Take a Break and Give One Too.
by Joseph Franks
Today, there will be many times when we are put in a position to make assumptions or judgments regarding other people.
- Judges and juries must discern between intentional malice and unintented negligence. They must distinguish between manslaughter and murder.
- Employers and managers must search out whether those under their direction are lacking in ethics, motivation, or skill. This determination will affect their response to undesired behavior.
- Elders are to seek the truth regarding those in their flock: Is the person in view a repentant sinner interested in Christ, or is he a self-righteous, unrepentant sinner unconcerned about harming the name and family of Christ? This is THE question of church discipline.
- Parents are to search out the heart of their children and consistently ask, “Why is little Jimmy doing what little Jimmy is doing? They should then seek to respond in the most loving and proper manner.
- All Christians are given the responsibility to love their brothers and judge fairly, humbly, and gently. We do have some sort of judgmental duty to perform within the confines of Christ’s family. (Proverbs 31:9; 1 Corinthians 6:1-6; Galatians 6:1-6)

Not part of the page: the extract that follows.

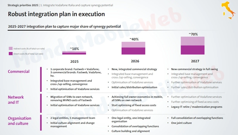 Secondo quanto indicato nelle slide, per il 2026 il piano di integrazione di Fastweb + Vodafone prevede una nuova e integrata strategia commerciale, con una iniziale ottimizzazione delle vendite e della distribuzione.

Therefore, here are some principles to keep in mind in order that we might more acceptably love, judge, and help one another.
When we judge, we must first focus on ourselves. As we do so, we will find more than enough sin upon which to focus. Consequently we will have less time, energy, and passion to look after the sinful interests of others. (Luke 6:37-42; John 8:1-8; Romans 2:1-3; Romans 14:10-13)
When we judge, we must always focus on the grace and forgiveness gifted to us. We should “preach the Gospel” to ourselves and be ready to offer this to others. Internally, we should hunger to grant mercy instead of judgment, for this is a fantastic characteristic of our God. (Matthew 9:13)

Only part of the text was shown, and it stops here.